Pour Shagmar, comme pour d’autres Israéliens, le gouvernement « a très mal géré la situation », mettant sa propre survie politique avant les intérêts nationaux sur la question du recrutement, a-t-elle déclaré lors d’une conversation avec la correspondante de BBC News à Jérusalem, Yolande Knell.
Mais pour les jeunes Haredis qui pourraient être contraints d’effectuer un service militaire obligatoire, la décision de la Cour suprême menace leur mode de vie religieux.
« Pendant 2000 ans, nous avons été persécutés et nous avons survécu parce que nous avons appris la Torah, et maintenant la Cour suprême veut nous la retirer, ce qui entraînera notre destruction », a déclaré au correspondant de la BBC l’un des jeunes qui ont protesté contre la décision de la Cour cette semaine.
Pour Naomi Seidman, la communauté Haredi est, contrairement à son image populaire, de plus en plus sensible à ce que le reste de la société pense d’elle.
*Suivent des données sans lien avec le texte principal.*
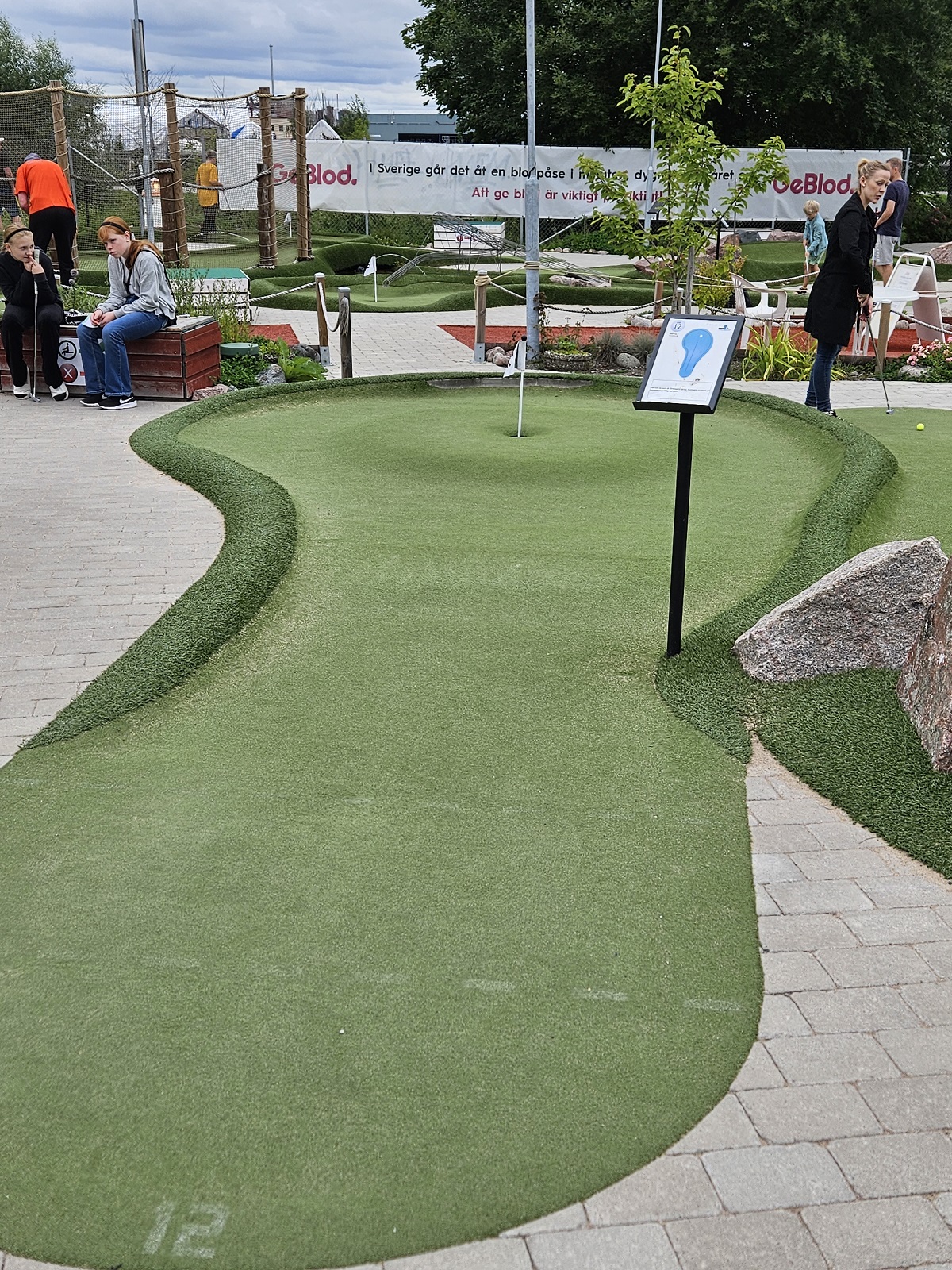 This is one of four courses at the Uppsala complex which also has an indoor adventure golf course, a Swedish felt course and an Eternit (miniaturegolf) course. The last two were part of the 2023 Minigolf World Championships General Class, which was happening while we were there. As a result we didn’t get to play those courses or the indoor course (except for a few holes) because that area was used as the staging for the administrative work around the championships. The one round we did get to play on the outdoor adventure course was with several members of the World Minigolf Sport Federation (WMF)’s Executive Committee, which ended up being great fun.

Ces dernières années, ils ont tenté d’étendre leur réseau de services publics, tels que l’assistance routière et les ambulances, au reste de la population israélienne, dans l’espoir « que le monde laïc appréciera ces contributions et les verra comme une alternative au service militaire », explique le spécialiste de l’Université de Toronto.